Monday, September 14, 2009

Engineering Education

I haven't told you where I go to school yet, and I'll keep that under wraps for a bit, though it wouldn't be hard to guess, I think. For the most part, our profs are amazing. They are really helpful, always available, and knowledgeable as well. This school is supposed to the best. The #1. Too often for my taste though, I find examples of substandard work in progress.
The other day, I was in my economics class, Managerial Economics. My professor (whom I really enjoy) assigned us a Lagrangian maximization problem. As a math major, this shouldn't be a big deal. Unfortunately, I consider myself to be lacking in the general knowledge of mathematics. Even though I should have learned Lagrangians long ago in Calculus 1, 2, or 3 (before my freshman year), I don't remember how to do them. I think most people don't, but as a math major, I feel like I'm sort of obligated to remember this type of thing.
This Lagrangian maximization was a bit special though, because it had an inequality constraint. After searching the internet up and down, old calculus assignments, asking a math professor, and asking my Econ professor, I finally discovered one way to solve such a problem.

To maximize (or minimize, of course) the function f(q) with a constraint such as q <= 300, you could add a "slack" variable in. Now my first intuition was to add a variable like 's', to make the inequality an equality like this: q+s = 300. Although you would expect this to work, when you take the partial derivatives, you will discover that the Lagrangian multiplier effectively disappears! The solution, it turns out, is to add s^2, rather than s. Mathematically, it makes no difference of all, of course. But when you take the partial of f with respect to s, now you get 2*s*lambda, instead of just lambda. Since this problem is now a nightmare to solve by hand, you need a good friend like Maple to do it for you. As a math major and an engineer, I am always trying to figure out WHY things work. It drives me completely insane that I have NO idea why you have to add an s^2 rather than s, since it should make no mathematical difference. But no one has been able to explain it to me, and no internet site had a satisfactory explanation. So I must accept it for now. The irritating part of this problem is that my Econ prof had no idea how to solve the Lagrangian maximization with the inequality. His solution was to "assume it was an equality". This means that you are assuming about 100 things about the function and its partial derivatives which may or may not be true. What if the constraint isn't binding (the global maximum is less than 300)? What if f(q) isn't parabolic? It's completely ridiculous to make such a rash assumption. I am appalled that such an invalid assumption is being made.
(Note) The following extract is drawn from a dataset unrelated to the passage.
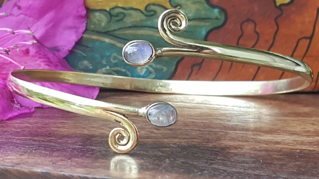 Moonstone Swirl Armcuff Arm Band Upper Arm Band.Brass Tribal Gemstone Crystal Bohemian Festival Bracelet Jewelry

It offends me as a student, as a math major, as an econ major, and as a inquisitive human being. You make wild assumptions in high school. Now it's time to play ball. You face all of your worst mathematical nightmares like a big boy and solve them.

You'll figure out soon enough that I'm pretty smart. I really don't like to brag about it, and I didn't even accept that I was smarter than most people here for a long time. I'm finally coming to grips with it though. I thought that by coming to "the best" that I would be mentally stimulated, but that isn't the case to an astonishingly large extent. Some days I am disappointed in my college, and its #1 rating. My roommate and I often wonder if it really is the best. And we are demoralized at the thought that it really might be. Could this be the best that the world has to offer? MIT wouldn't have me, though I don't know why. I suppose I don't play enough sports or something. I'm a CS major for crying out loud. I'm not supposed to play sports, that would make me weird ;-).


I was walking around the campus lake today, and I spied a very large turtle. It wasn't the largest turtle I've ever seen. It wasn't a snapping turtle, it was just the standard Speed Lake turtle, except monstrous. It was at least three times the size of the next largest turtle I've ever seen in the lake. He didn't mind me much, he wasn't even looking at me. I've always wondered how turtles grow inside their shells, and I do believe I've discovered the answer! This largish turtle was "shedding" the outer layer of his shell. I could see parts where the outer layer was gone, and there was dark, new shell underneath. The rest of it was all dried out and falling off.